Je pensais que c’était un hommage que faisait Britten à la musique électro-acoustique, une sorte d’écho acoustique à la musique électro-acoustique… alors que je n’avais qu’à regarder les dates : 1942 pour la Ceremony of Carols, et il faut attendre une décennie, le début des années 50, pour que la musique concrète de Pierre Schaeffer rencontre les labos de Cologne. Mais pourtant : c’est vrai que l’écho, la réverbération, la reproduction d’une voix façon kaléidoscope psychédélique, ça fait partie des outils de la musique électro-acoustique. 

Vingt ans après Britten, en 1966, Steve Reich faisait pareil, avec son ordinateur : dans Come out, il prend un morceau de phrase prononcée par quelqu’un accusé à tort de meurtre lors des émeutes à Harlem en 64.

Extrait 2 - Come Out (Steve Reich)

Il faut partir au Moyen-Âge et à la Renaissance pour voir d’où vient Britten. 

Aux premiers temps de la polyphonie, les compositeurs étaient fous de canons (et ce n’est pas une contrepèterie). Ils prenaient une mélodie, la superposaient à elle-même deux fois plus vite ou deux fois plus lentement, ça faisait des exercices aussi complexes qu’enthousiasmants et spirituels. Là, je voudrais vous faire écouter un des passages qui dans la musique ancienne me rappellent le plus notre Little Babe de Britten. Nous sommes à la toute fin de la Renaissance, dans le “Lauda Jerusalem” tiré des Vêpres de Claudio Monteverdi. 1609, 333 ans avant Britten.
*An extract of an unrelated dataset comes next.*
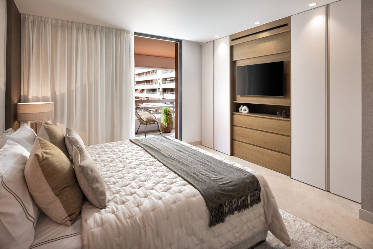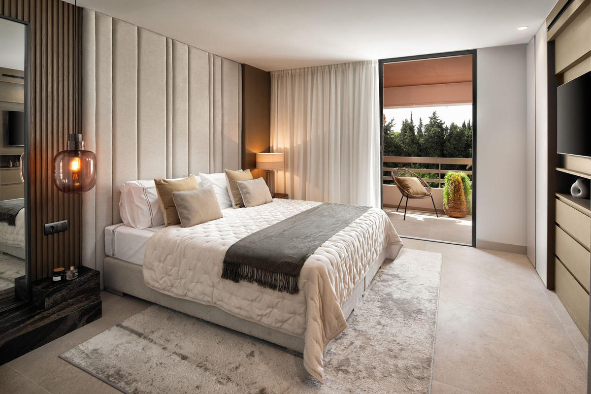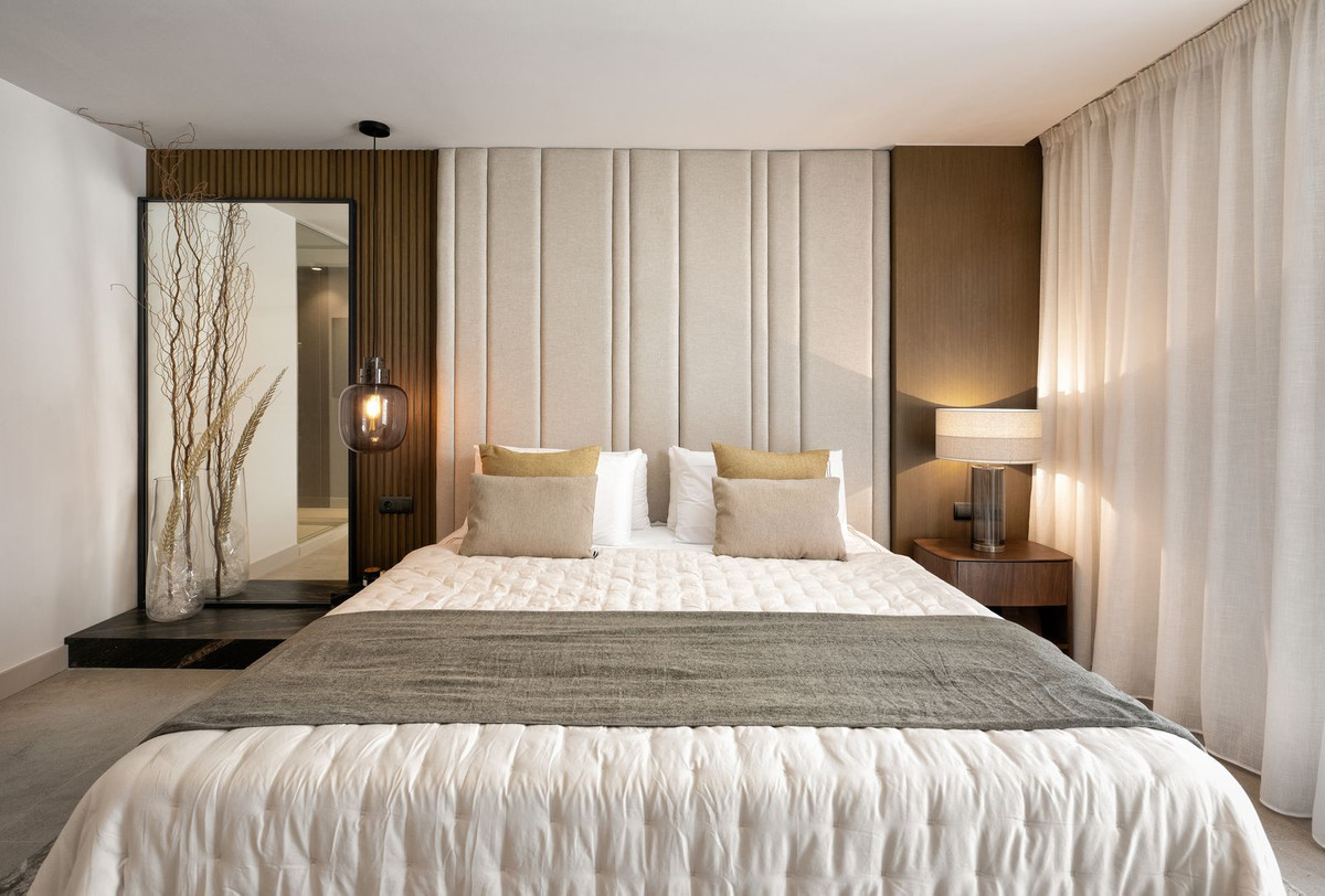Upon entering the apartment, you are welcomed by a stunning island kitchen that sets the scene for the rest of the space as it blends harmoniously into the living area and further into the terrace, giving the impression that it is a part of the living room. Enjoy the peaceful views of the green gardens from your kitchen, where sunlight pours in to fill every square inch. The choice of materials and color palette infuses this area with a sense of peace, comfort, and subtle elegance.

Extrait 3 - Lauda Jerusalem

L'écho pour mieux mettre le texte en scène

Quand vous n’avez pas de décor, pas de costumes, pas d’acteurs, vous êtes obligés d’injecter la mise en scène au sein de la musique, au sein de la partition, de vous débrouiller avec ce que vous avez, c’est-à-dire les chanteurs. Monteverdi est un des premiers à le faire : là, dans ce qu’on vient d’entendre, l’écho est là pour mettre en scène la fonte des glaces par le souffle de Dieu. Chez Britten, c’est pour mettre en scène l’enfant Jésus grelottant et en larmes combattant les forces du Mal.